The US Food and Drug Administration has approved the Malvern, Pennsylvania-based biotech's EAP, within which OCU400 will be available to certain patients with early intermediate-to-advanced retinitis pigmentosa who have at least minimal retinal preservation and could benefit from the gene therapy.

Before the FDA approved the EAP, patients could only access OCU400 within a clinical trial. Ocugen has evaluated OCU400 in a Phase I/II study and is assessing it in the ongoing Phase III liMeliGhT trial. Patients may be eligible to receive the gene therapy through the EAP if they participated in the Phase I/II study and qualify for dosing in the non-treated eye or if they were ineligible for that study or for liMeliGhT. 

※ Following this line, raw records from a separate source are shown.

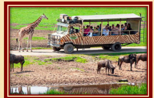
Kutschfahrt Lüneburger Heide
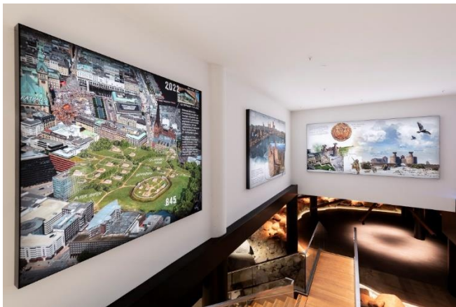
Bild 01: Blick in den Eingangsbereich des neu eröffneten „Museum - Die Bischofsburg“.
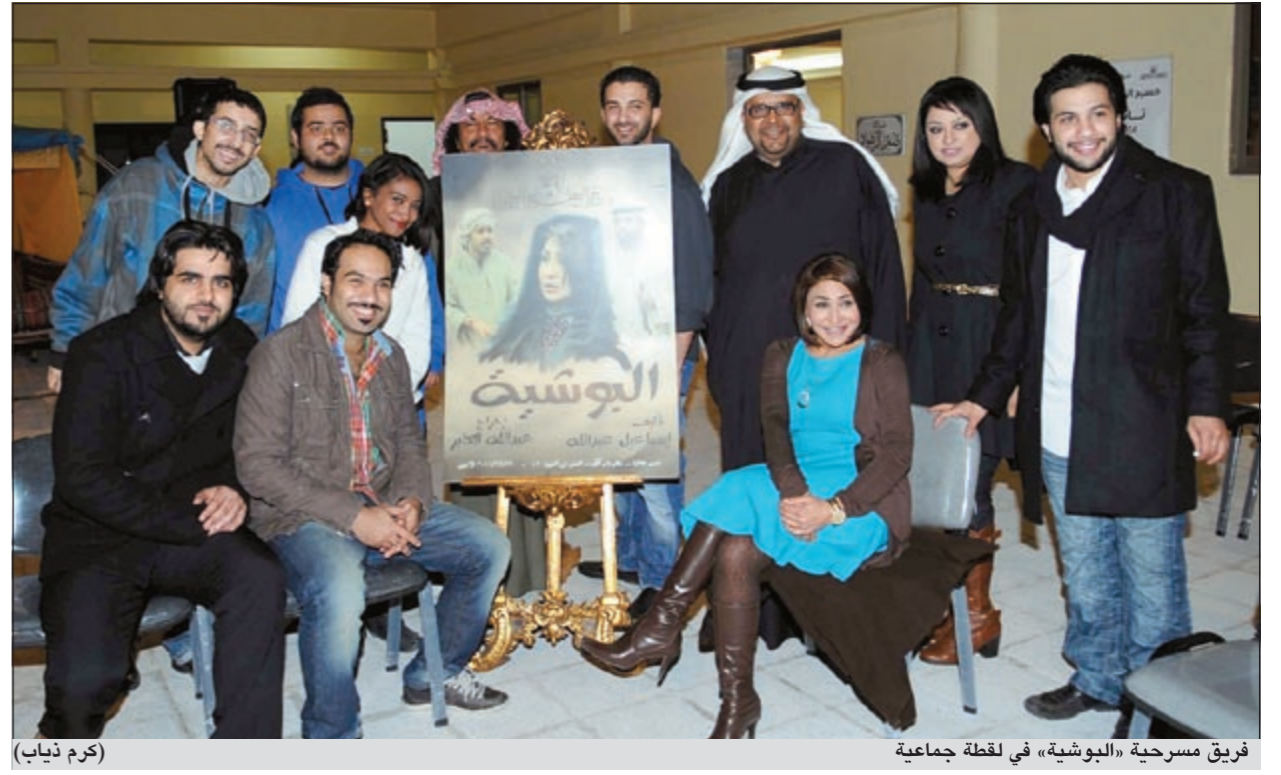
فريق مسرحية «البوشية» في لحظة جماعية

الكويتية، مضيفا: استشعر الجهود المبذولة والمخلصة من قبل الممثلين والاستعراضيين وجميع فريق المسرحية الذين ساهموا في رفع رأس فرقة مسرح الخليج.
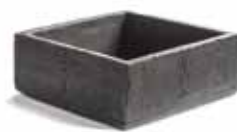
▲山神枡(さんじんます)

「山神枡」は、室町時代にあたる天文9年(1540年)に製作された木製黒漆塗の一升枡で、当時の祭礼で用いられたものと考えられます。中国地方の村落に残された希有な例であり、量制史上、社会経済史上、学術価値が高いものです。
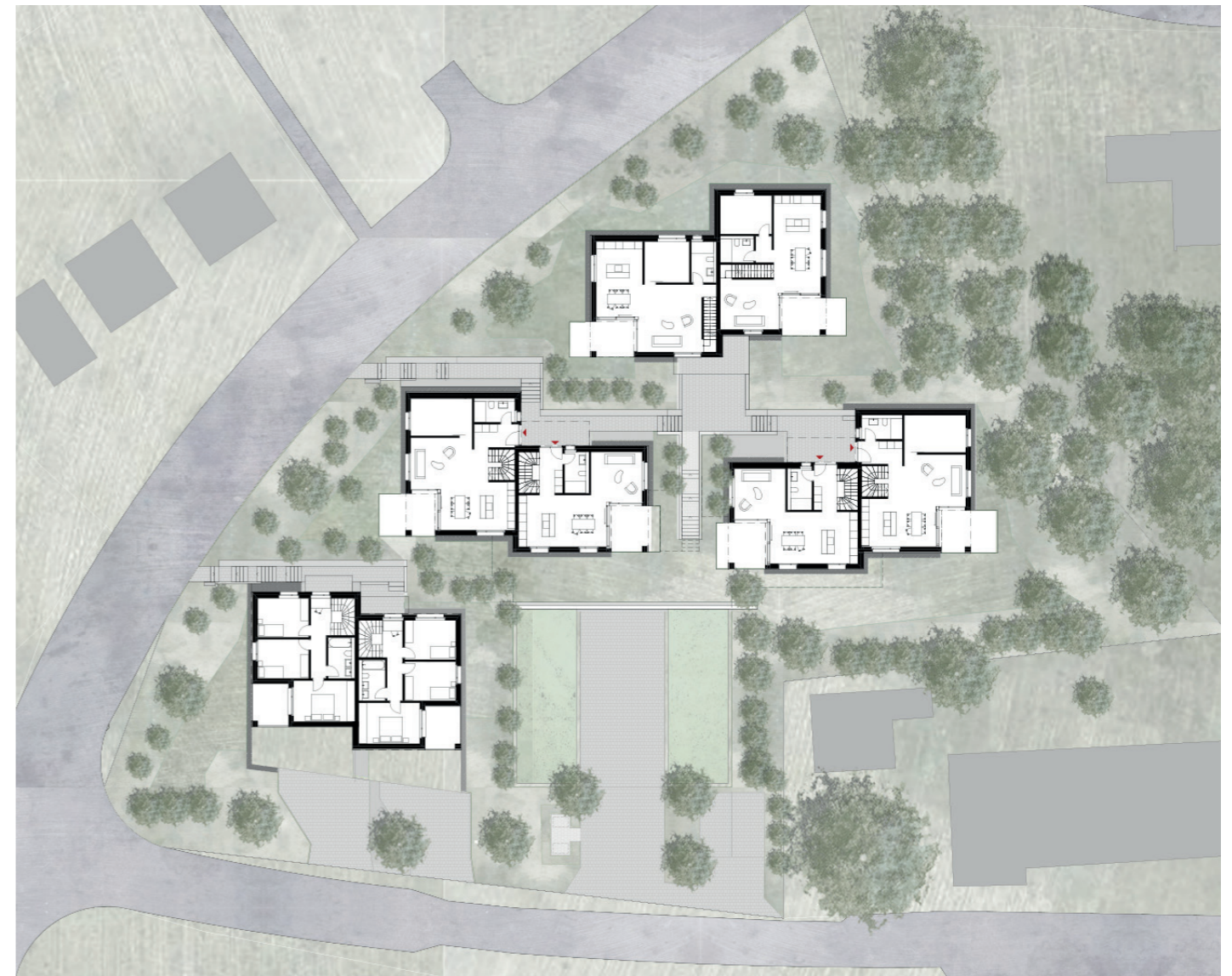
⌚ Situation, Grundriss Ebene 2 1:500
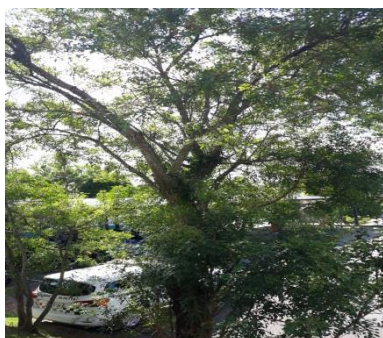
Aroeira pimenteira- Remoção

Retinitis pigmentosa is a group of eye disorders caused by mutations in more than 60 genes, most commonly occurring in the RHO gene. OCU400 aims to treat the condition by "resetting" the dysfunctional gene network in retinitis pigmentosa patients and reestablish healthy cellular homeostasis by delivering a copy of the NR2E3 gene that regulates physiological functions within the retina.

"RP patients with mutations in multiple genes currently have no therapeutic options," Lejla Vajzovic, an associate professor of ophthalmology at the Duke University Eye Center and chair of Ocugen's retina scientific advisory board, said in a statement.

OCU400 has orphan drug and regenerative medicine advanced therapy designations from the FDA. Ocugen has said it is on track to submit regulatory applications for the gene therapy in the US and EU in 2026.